シーア派は、「預言者ムハンマドの従兄弟でありムハンマドの娘ファーティマの婿でもあったアリーの血を引く者が、カリフの後継者であるべきだ」とする。

そして、「アリーの血を引かないウマイヤ朝は打倒されるべきだ」とした。

従ってシーア派は、ウマイヤ朝の打倒に決起したアッバース家への協力を惜しまなかった。

アッバース家は、ムハンマドの血縁でもあった。

しかし、アッバース家がウマイヤ朝を倒して『アッバース朝』をたてると、シーア派は冷遇された。

そこでシーア派は、反体制派の態度を貫くことになった。

アッバース朝の10代目カリフのアル・ムタワッキルは、850年にシーア派の大迫害をし、アリーの墓やフセイン(アリーの子)の墓を破壊した。

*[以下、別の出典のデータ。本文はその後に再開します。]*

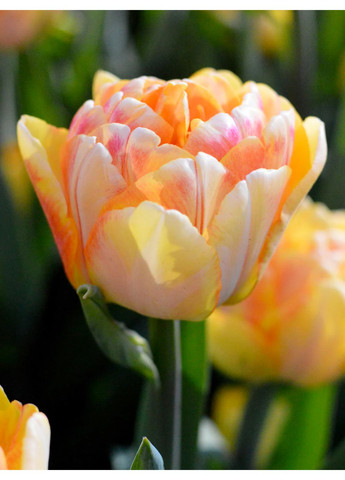 Махровий тюльпан Foxy Foxtrot - ранній сорт, що збирає свої гофровані пелюстки в квітку, яка нагадує півонію або троянду, а коли повністю розпускається, то створює справжній “вау-ефект” на будь-якій ділянці. Пишний, багатошаровий бутон гармонійно поєднує золотисто-жовтий, мандариновий, абрикосовий та відтінки лососево-рожевого в кожній квітці - нагадує неймовірний світанок після дощової ночі! Заввишки рослина досягає 35–45 см, що робить її чудовим варіантом для переднього плану клумби або яскравого акценту в квітнику. Квітка щільна, майже куляста, а діаметр іноді сягає 10–12 см. Під час цвітіння, (а воно, як правило, припадає на квітень-травень), тримається до двох тижнів і не втрачає декоративності, навіть коли повністю розкривається. Завдяки тривалому періоду цвітіння, цей тюльпан подарує вам багато тижнів яскравих кольорів. Його можна чудово поєднувати з іншими ранньовесняними тюльпанами жовтого, помаранчевого або теплого рожевого відтінків. Махрові тюльпани - це одні із найбільш популярних та жаданих представників своєї родини. Вони нагадують мініатюрні півонії і зберігають декоративність протягом тривалого періоду часу. А ще головною особливістю махрових сортів є наявність густонабитих пелюсточок, які формують округлий чашоподібний бутончик. Різноманіття кольорів та відтінків вражає, а ще серед цього виду є безліч різнобарвних представників: з облямівками, вкрапленнями, рисками і т.д. Ми переконані, що серед величезного вибору, абсолютно кожен знайде те, що припаде йому до душі! Ідеальні умови для вирощування: висаджувати цибулини тюльпанів найкраще восени, орієнтовно це вересень - початок жовтня. Глибина посадки — приблизно 15–20 см (від основи цибулини), а для довговічних сортів — до 30 см. Відстань між рослинами — 10–15 см. У кожну лунку варто додати жменю компосту або спеціального добрива для цибулин — це допоможе молодим корінцям швидше прижитися. Садіть верхівкою догори, а якщо не впевнені — боком: природа сама розбереться. Тюльпани люблять сонце та легкий, добре дренований ґрунт. Найгірше, що може з ними статися — це волога ділянка: там цибулини швидко загнивають. Тому обирайте місце, де не застоюється вода, і де рослини отримають щонайменше 6 годин сонця на день. Після цвітіння не поспішайте обрізати листя — саме воно накопичує поживні речовини для нових цибулин. Видаліть лише квітконоси, щоб рослина не витрачала сили на насіння. Листя має дозріти протягом 6 тижнів. Підживлюйте навесні або восени добривом із низьким вмістом азоту, компостом або перепрілим гноєм — тюльпани віддячать за це щедрим цвітінням.
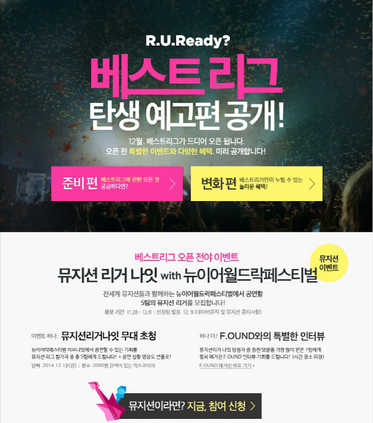 네이버(대표 이사 김상헌)는 12월 19일에 개최되는 '뉴이어 월드 락 페스티벌' 전야제에 뮤지션리그 참가자의 공연을 직접 볼 수 있는 '뮤지션리거나잇' 무대를 개최한다.

この迫害を避けるために、シーア派は「仮託(タキーヤ)の原理」を唱え出した。

この原理は、「迫害された時には、偽装的な棄信を認める」というもの。

シーア派はタキーヤにことよせて、表面上はアッバース朝のカリフを崇めつつ、アリーの後裔たるイマームに忠誠を捧げ続けた。

シーア派は、その後ペルシャに定着して、日の目をみる事になる。

ペルシャ人は、アラブの主流であるスンニ派と対抗するために、シーア派となったと見られる。

(アラブはセム系人だが、ペルシャはアーリア系人)

1502年に確立された『サファヴィー朝ペルシャ』は、「7代目イマームのムーサ・アル・カージムの後裔だ」と称し、シーア派を国教として定めた。

この時以来、国王(シャー)は、神隠しにあった12代目イマームのムハンマドが救世主として再来するまでの「代理人」とされるようになった。

(第12代イマームのムハンマド・アル・ムンタザルは、シーア派の中では「878年にこの世から姿を消したが、最後の審判の日の直前に、救世主として姿を現す」とされている )

イスラム教は、シーア派という形でイラン(ペルシャ)に、ようやく根付くことになった。

ペルシャには古来からのゾロアスター教の伝統的な価値観があり、シーア派神学はその価値観を色濃く伝えている。

これは、ドイツに入ったキリスト教が、土俗宗教と交ざって、マリア信仰を強く押し出す形になっている事と共通している。